:: WHAT TO PRODUCE ::
Once the line with "In this oil" is found in the entries below, print it and each following line exactly, stopping after the line with "- Simply add"; print nothing else.

*** Opening TASK DATA ***

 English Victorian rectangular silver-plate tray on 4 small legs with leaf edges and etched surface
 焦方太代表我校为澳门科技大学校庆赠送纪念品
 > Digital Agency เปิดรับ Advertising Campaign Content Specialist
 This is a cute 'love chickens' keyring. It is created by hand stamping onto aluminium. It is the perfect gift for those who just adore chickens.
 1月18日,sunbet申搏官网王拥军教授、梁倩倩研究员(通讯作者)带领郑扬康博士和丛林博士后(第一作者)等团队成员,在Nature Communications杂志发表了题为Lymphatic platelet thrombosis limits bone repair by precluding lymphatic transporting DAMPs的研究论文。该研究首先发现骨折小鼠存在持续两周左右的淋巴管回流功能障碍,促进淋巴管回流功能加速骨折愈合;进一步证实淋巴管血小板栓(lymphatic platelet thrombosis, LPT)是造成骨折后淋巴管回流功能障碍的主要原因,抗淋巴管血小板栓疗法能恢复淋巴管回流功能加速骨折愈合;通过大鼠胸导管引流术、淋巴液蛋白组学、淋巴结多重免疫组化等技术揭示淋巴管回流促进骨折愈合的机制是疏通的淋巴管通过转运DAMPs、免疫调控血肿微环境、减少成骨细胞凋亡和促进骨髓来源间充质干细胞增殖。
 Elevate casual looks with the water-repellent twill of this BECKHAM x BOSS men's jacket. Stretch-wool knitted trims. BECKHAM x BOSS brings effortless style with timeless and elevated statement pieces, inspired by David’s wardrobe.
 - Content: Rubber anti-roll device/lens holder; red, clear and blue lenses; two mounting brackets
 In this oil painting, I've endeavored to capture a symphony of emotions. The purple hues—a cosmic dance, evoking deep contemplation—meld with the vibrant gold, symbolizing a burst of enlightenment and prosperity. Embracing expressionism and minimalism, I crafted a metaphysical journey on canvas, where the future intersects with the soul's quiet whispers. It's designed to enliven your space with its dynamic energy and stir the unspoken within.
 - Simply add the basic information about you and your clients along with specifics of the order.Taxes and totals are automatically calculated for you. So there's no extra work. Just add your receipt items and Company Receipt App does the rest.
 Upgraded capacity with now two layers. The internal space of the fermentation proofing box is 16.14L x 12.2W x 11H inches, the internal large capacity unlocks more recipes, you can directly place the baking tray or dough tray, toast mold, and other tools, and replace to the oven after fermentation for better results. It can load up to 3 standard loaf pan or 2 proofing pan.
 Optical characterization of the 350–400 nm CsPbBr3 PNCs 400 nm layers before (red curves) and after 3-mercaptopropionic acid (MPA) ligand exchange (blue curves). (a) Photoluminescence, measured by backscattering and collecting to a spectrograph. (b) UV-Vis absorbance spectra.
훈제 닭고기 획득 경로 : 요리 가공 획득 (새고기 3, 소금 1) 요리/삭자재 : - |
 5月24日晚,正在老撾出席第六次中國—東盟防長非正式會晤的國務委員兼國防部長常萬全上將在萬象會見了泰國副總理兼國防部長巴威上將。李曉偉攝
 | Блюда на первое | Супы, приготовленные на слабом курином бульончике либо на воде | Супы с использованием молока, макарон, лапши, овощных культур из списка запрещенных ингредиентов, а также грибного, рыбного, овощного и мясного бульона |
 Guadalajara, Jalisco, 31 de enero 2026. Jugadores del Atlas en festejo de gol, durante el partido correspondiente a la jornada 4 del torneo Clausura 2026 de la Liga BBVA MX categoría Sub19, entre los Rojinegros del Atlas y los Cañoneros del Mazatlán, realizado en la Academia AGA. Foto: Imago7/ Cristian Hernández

*** Closing TASK DATA ***

:: RESPONSE TO THE EXERCISE ::
 In this oil painting, I've endeavored to capture a symphony of emotions. The purple hues—a cosmic dance, evoking deep contemplation—meld with the vibrant gold, symbolizing a burst of enlightenment and prosperity. Embracing expressionism and minimalism, I crafted a metaphysical journey on canvas, where the future intersects with the soul's quiet whispers. It's designed to enliven your space with its dynamic energy and stir the unspoken within.
 - Simply add the basic information about you and your clients along with specifics of the order.Taxes and totals are automatically calculated for you. So there's no extra work. Just add your receipt items and Company Receipt App does the rest.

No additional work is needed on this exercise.